▶ **Assigned task**
The lines from the top of the material below through the line containing "- สามารถแสดงเวลาเป็น ชั่วโมง" are to be printed exactly, with pictures omitted.
═════ Record excerpts ═════
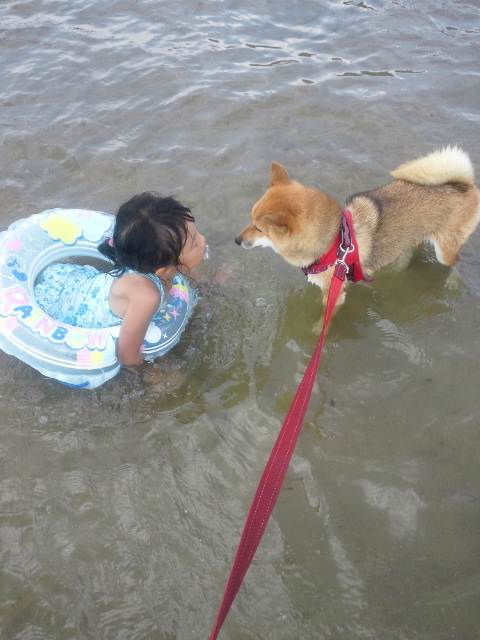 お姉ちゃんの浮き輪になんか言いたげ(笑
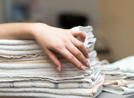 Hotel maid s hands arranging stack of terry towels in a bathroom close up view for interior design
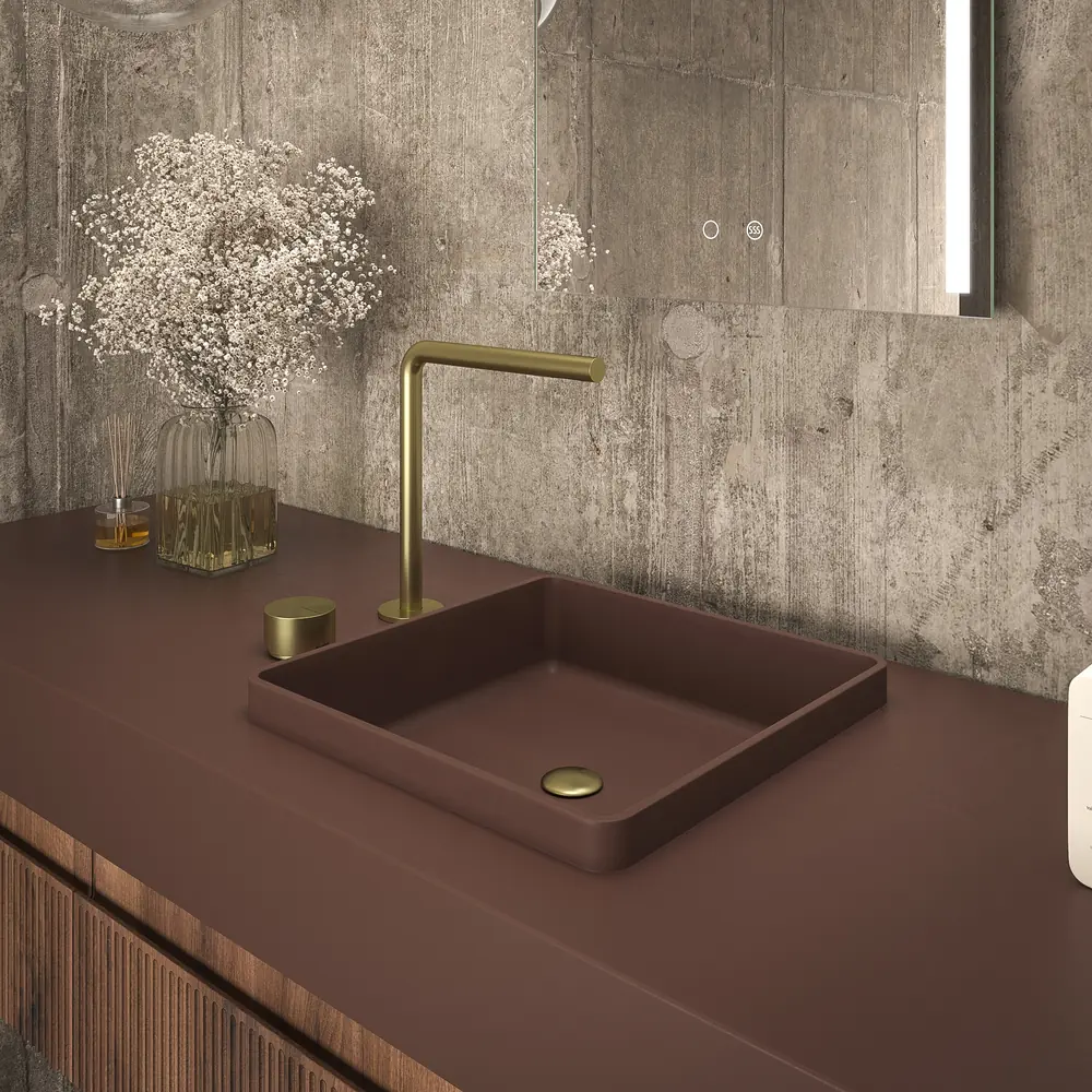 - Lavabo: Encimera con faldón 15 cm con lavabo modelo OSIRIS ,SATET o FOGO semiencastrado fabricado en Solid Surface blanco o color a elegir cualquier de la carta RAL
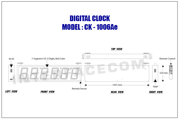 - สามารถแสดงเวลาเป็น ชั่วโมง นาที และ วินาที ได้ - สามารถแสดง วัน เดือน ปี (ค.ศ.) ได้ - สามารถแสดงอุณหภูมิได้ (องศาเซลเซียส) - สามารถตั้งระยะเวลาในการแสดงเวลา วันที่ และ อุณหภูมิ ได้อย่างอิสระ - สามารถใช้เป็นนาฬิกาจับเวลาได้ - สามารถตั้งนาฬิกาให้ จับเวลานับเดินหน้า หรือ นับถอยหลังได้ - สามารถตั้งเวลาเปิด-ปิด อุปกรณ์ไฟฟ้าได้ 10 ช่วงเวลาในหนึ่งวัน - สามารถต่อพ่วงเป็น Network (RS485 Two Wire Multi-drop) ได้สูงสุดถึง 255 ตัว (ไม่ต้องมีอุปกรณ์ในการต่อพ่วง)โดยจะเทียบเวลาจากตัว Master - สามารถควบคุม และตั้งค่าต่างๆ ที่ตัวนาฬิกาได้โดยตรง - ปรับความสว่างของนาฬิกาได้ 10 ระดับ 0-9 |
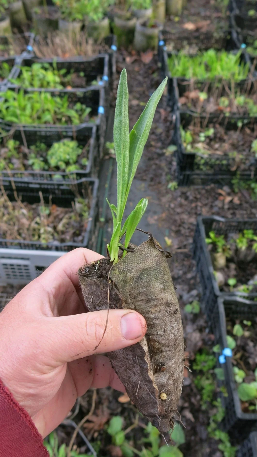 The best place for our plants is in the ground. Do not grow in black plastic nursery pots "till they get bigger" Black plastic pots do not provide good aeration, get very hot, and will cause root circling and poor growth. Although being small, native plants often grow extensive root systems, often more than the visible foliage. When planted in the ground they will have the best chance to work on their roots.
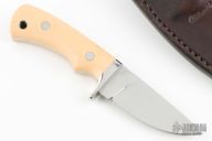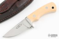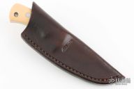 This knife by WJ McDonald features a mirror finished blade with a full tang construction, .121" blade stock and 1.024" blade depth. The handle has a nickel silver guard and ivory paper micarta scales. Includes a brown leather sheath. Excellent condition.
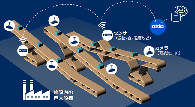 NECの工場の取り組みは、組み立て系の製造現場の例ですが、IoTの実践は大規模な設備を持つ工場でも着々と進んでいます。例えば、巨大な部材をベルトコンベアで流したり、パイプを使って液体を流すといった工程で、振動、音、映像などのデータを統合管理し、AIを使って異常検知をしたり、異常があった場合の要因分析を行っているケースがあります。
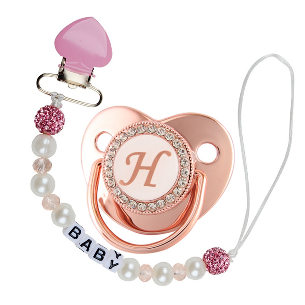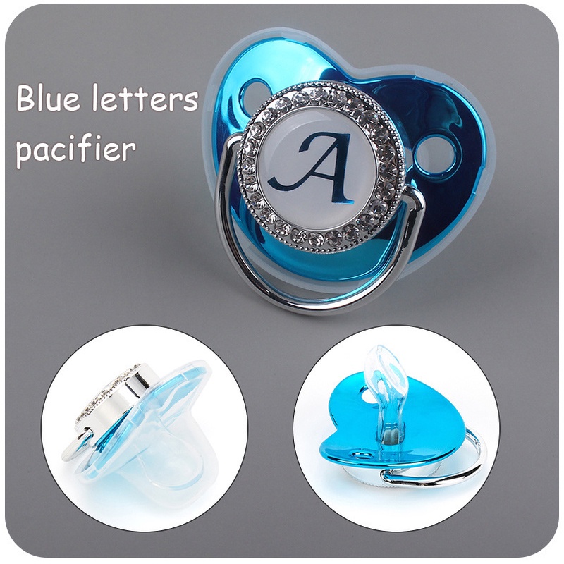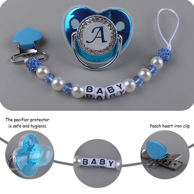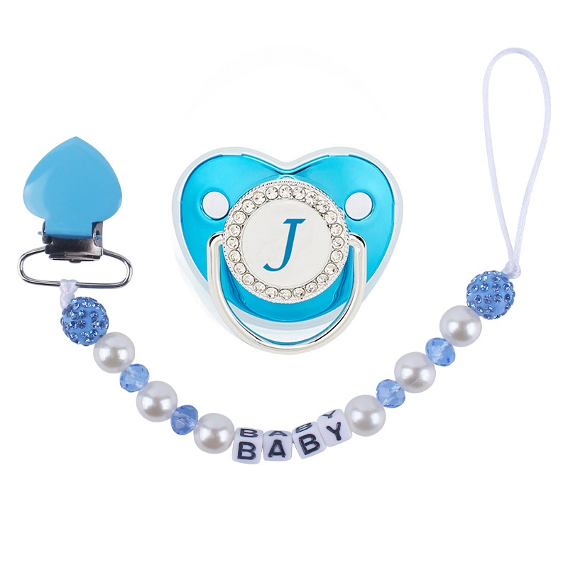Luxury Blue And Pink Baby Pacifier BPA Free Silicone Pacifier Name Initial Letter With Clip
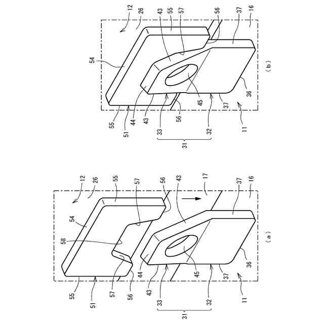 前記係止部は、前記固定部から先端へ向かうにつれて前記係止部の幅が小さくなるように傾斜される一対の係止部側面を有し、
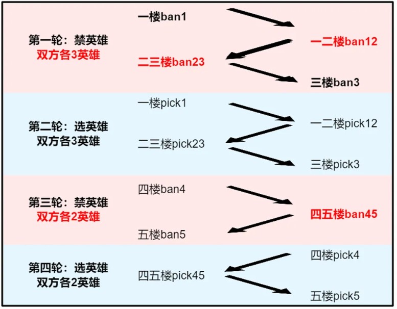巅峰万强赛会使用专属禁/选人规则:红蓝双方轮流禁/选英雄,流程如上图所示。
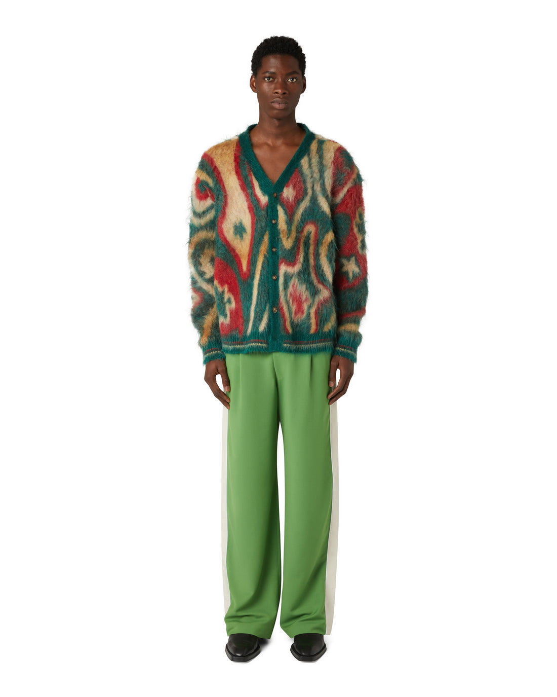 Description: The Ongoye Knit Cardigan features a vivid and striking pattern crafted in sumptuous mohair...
═════
▶ **Your response**
 お姉ちゃんの浮き輪になんか言いたげ(笑
 Hotel maid s hands arranging stack of terry towels in a bathroom close up view for interior design
 - Lavabo: Encimera con faldón 15 cm con lavabo modelo OSIRIS ,SATET o FOGO semiencastrado fabricado en Solid Surface blanco o color a elegir cualquier de la carta RAL
 - สามารถแสดงเวลาเป็น ชั่วโมง นาที และ วินาที ได้ - สามารถแสดง วัน เดือน ปี (ค.ศ.) ได้ - สามารถแสดงอุณหภูมิได้ (องศาเซลเซียส) - สามารถตั้งระยะเวลาในการแสดงเวลา วันที่ และ อุณหภูมิ ได้อย่างอิสระ - สามารถใช้เป็นนาฬิกาจับเวลาได้ - สามารถตั้งนาฬิกาให้ จับเวลานับเดินหน้า หรือ นับถอยหลังได้ - สามารถตั้งเวลาเปิด-ปิด อุปกรณ์ไฟฟ้าได้ 10 ช่วงเวลาในหนึ่งวัน - สามารถต่อพ่วงเป็น Network (RS485 Two Wire Multi-drop) ได้สูงสุดถึง 255 ตัว (ไม่ต้องมีอุปกรณ์ในการต่อพ่วง)โดยจะเทียบเวลาจากตัว Master - สามารถควบคุม และตั้งค่าต่างๆ ที่ตัวนาฬิกาได้โดยตรง - ปรับความสว่างของนาฬิกาได้ 10 ระดับ 0-9 |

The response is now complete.